What are the platforms on the Fediverse doing to prevent data scraping and prevent bots?

thesharky@piefed.blahaj.zone · 22 days ago

What are the platforms on the Fediverse doing to prevent data scraping and prevent bots?

CombatWombat@feddit.online · edit-2 22 days ago

I feel pretty confident, despite a complete lack of evidence, that at least one state actor has had a listener running on the fediverse continuously since the w3c started publishing specs, and I would be surprised if the big llm providers like Anthropic and OpenAI don’t run them as well – they certainly have the resources and motivation to develop them. You’re certainly correct that the vast majority of scrapers are attempting to harvest historical data using the web frontend, but those are the scrapers I am least afraid of and I think as a mental model for the average user “assume every post is scraped” is the best stance.

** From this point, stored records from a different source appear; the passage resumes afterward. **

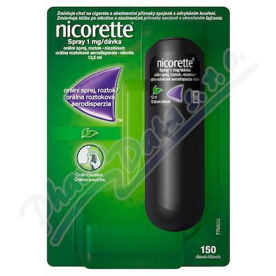 Orální sprej Nicorette pomáhá zbavit se závislosti na kouření. Sprej potlačí touhu po cigaretě již po 30 sekundách, při užití dvou dávek. Navíc je bez obsahu cukru. Sprej má příjemnou příchuť máty. Čtěte pozorně příbalový leták.Použití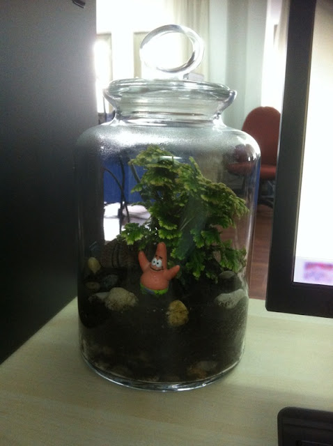 Sonra sabahın köründe üşenmedim kavanozumu paketledim işe getirdim, koydum bilgisayarımın yanına oh ne güzel yeşillik manzarası oldu. Sulamam biraz çok geldiğinden nemlenmişti kavanozun içi, ben de kapağını açarak nemin çıkmasını sağladım ve tekrar kapattım.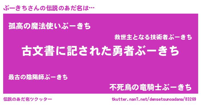 | 意味不明あだ名 | 『永久保存ぶーきち』『ペロリンぶーきち』 |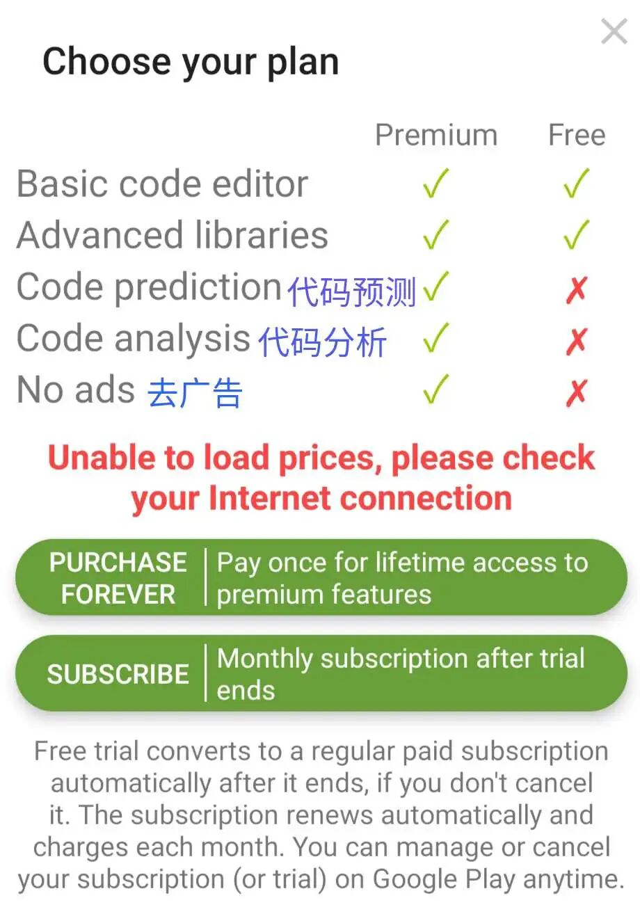 而且,Jvdroid 包含内购,代码预测,去广告等强大的功能必须要购买才能用,更坑的是,必须要在 google play 才能购买。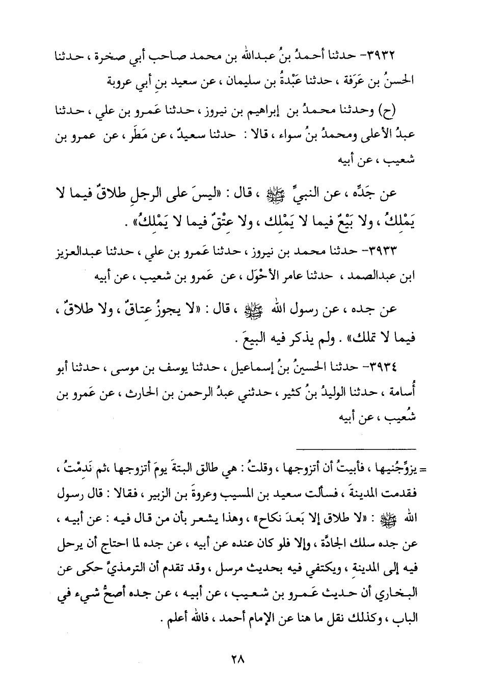 3932 - نا أَحْمَدُ بْنُ عَبْدِ اللَّهِ بْنِ مُحَمَّدٍ صَاحِبُ أَبِي صَخْرَةَ , نا الْحَسَنُ بْنُ عَرَفَةَ , نا عَبْدَةُ بْنُ سُلَيْمَانَ , عَنْ سَعِيدِ بْنِ أَبِي عَرُوبَةَ ح. وَنا مُحَمَّدُ بْنُ إِبْرَاهِيمَ بْنِ نَيْرُوزٍ , نا عَمْرُو بْنُ عَلِيٍّ , نا عَبْدُ الْأَعْلَى , وَمُحَمَّدُ بْنُ سَوَاءٍ , قَالَا: نا سَعِيدٌ , عَنْ مَطَرٍ , عَنْ عَمْرِو بْنِ شُعَيْبٍ , عَنْ أَبِيهِ , عَنْ جَدِّهِ , عَنِ النَّبِيِّ صَلَّى اللهُ عَلَيْهِ وَسَلَّمَ , قَالَ: § «لَيْسَ عَلَى الرَّجُلِ طَلَاقٌ فِيمَا لَا يَمْلِكُ , وَلَا بَيْعٌ فِيمَا لَا يَمْلِكُ , وَلَا عِتْقُ فِيمَا لَا يَمْلِكُ»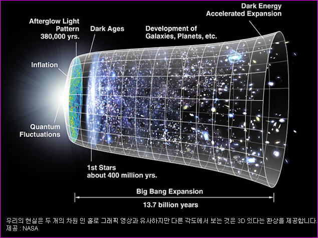 홀로그램 우주(Holographic space)란 미국 태생의 영국인 물리학자인 데이비드 봄이 처음 주장한 가설로, 우주와 경험적 현상 세계는 전체의 일부분일 뿐이며, 우리가 보는 부분의 모습은 홀로그램의 간섭무늬처럼 질서가 결여된 모습이고, 실제 의미를 가진 전체는 더 깊고 본질적인 차원의 현실에 존재한다는 이론이다.

irelephant [he/him]@lemmy.dbzer0.com · 21 days ago

You are right: https://www.404media.co/the-200-sites-an-ice-surveillance-contractor-is-monitoring/

The fediverse and atproto are both easily scraped.

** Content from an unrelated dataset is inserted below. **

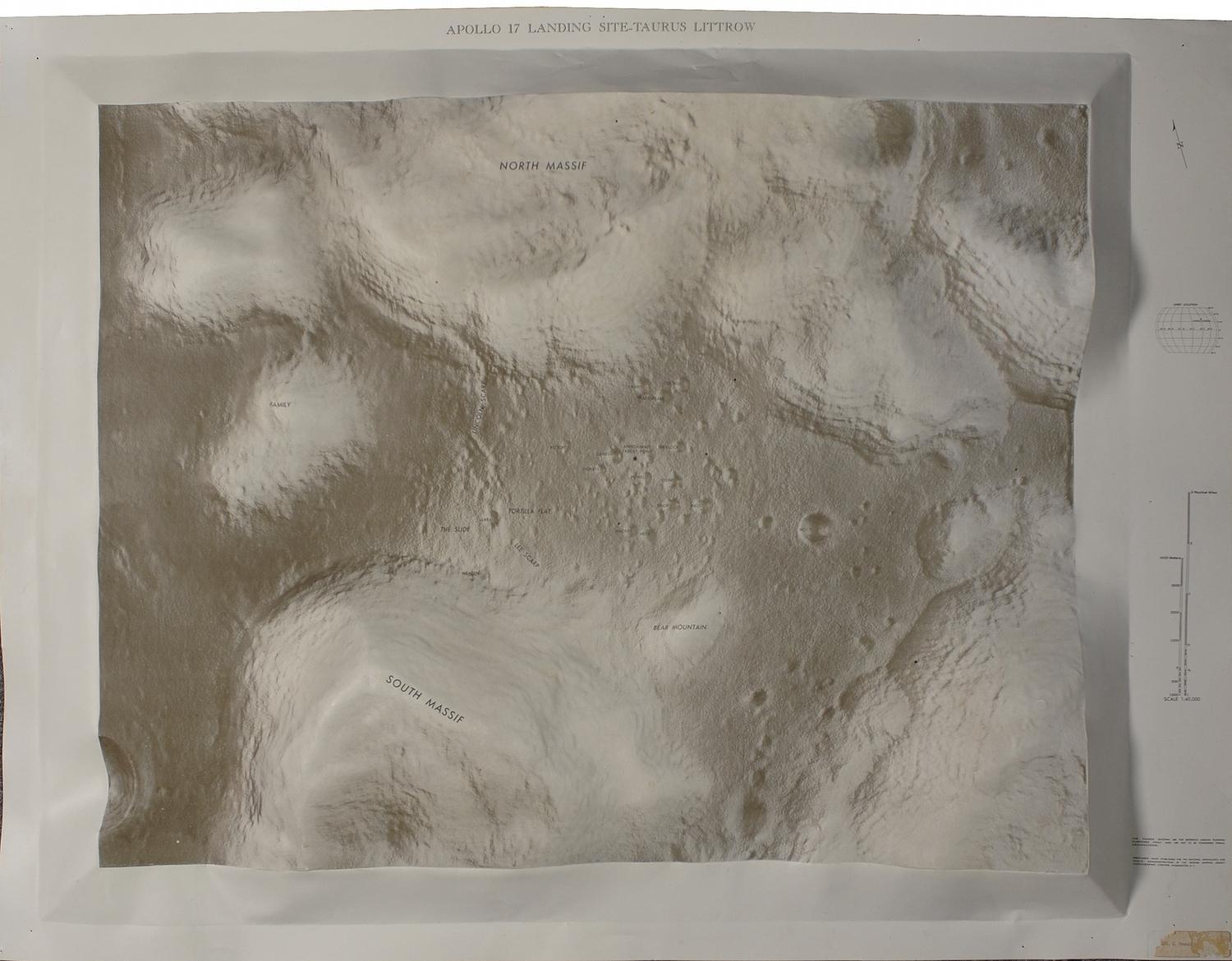 A rare Apollo 17 topographic plastic model taken from the LM simulator surface model used to train the astronauts. Map measures 44 x 34, and is of their actual landing site, Taurus-Littrow. This 1:40,000 map shows the target site near the center, with the impressive North and South Massifs dominating the top and bottom of the map. Other lunar landmarks labeled include Tortilla Flat, Lincoln Scarp, Bear Mountain, and The Slide. Legend on the right edge gives the longitude and latitude of the landing site, and states the map is “prepared and published for the National Aeronautics and Space Administration by the Defense Mapping Agency Topographic Center.” Accompanied by a letter of authenticity from NASA Crew Station Subsystem Manager for the Lunar Module George Franklin providing background information on the use of the simulator, and attesting this model was taken from the simulator surface model. In part: “This model was molded from the simulator lunar surface model. The simulator lunar surface model was approximately 20 feet by 40 feet…an optical probe was attached to a scaled LM along a thrust axis…Each flight, beginning with Apollo 10, had its own particular lunar surface model…The simulator was programmed to fly the auto flight trajectory, beginning with the powered descent initiation…The crew monitored the visual display during this final phase and when the time for landing approached, then took over and flew to a crew selected landing.” He closes the letter by stating “This author was the Crew Station Subsystem Manager for the Lunar Module from 1963 through the end of the Apollo program. I was responsible for all the crew interfaces in the cabin as well as providing integration engineering for the flight crews. My activities included working with the procedures personnel, simulator interfaces, other system engineers, mission planning, mockup development and other crew training activities.” Map shows scattered dings and bends, primarily to edges, as well as tack holes to corners. Only a few known copies of lunar landing site topographical maps are known to exist, with just a scant handful available for public sale.

frongt@lemmy.zip · 21 days ago

I don’t think Anthropic or OpenAI have spent the time developing a custom ingest pipeline for such a small dataset. It doesn’t seem like it’d give much enough of a return on investment.

cynar@lemmy.world · 21 days ago

Given that they are scrabbling around like drug addicts looking for anything they’ve split, including checking the cracks in the floorboards…

For some models, it’s obvious they’ve long scrapped the erotic fan fic sites!

CombatWombat@feddit.online · edit-2 21 days ago

I dunno, we had 1.8 billion posts and 50 million comments from 1.1 million MAUs in June according to the fediverse observer. It’s not nothing.

frongt@lemmy.zip · 21 days ago

Yeah, for them that’s small potatoes.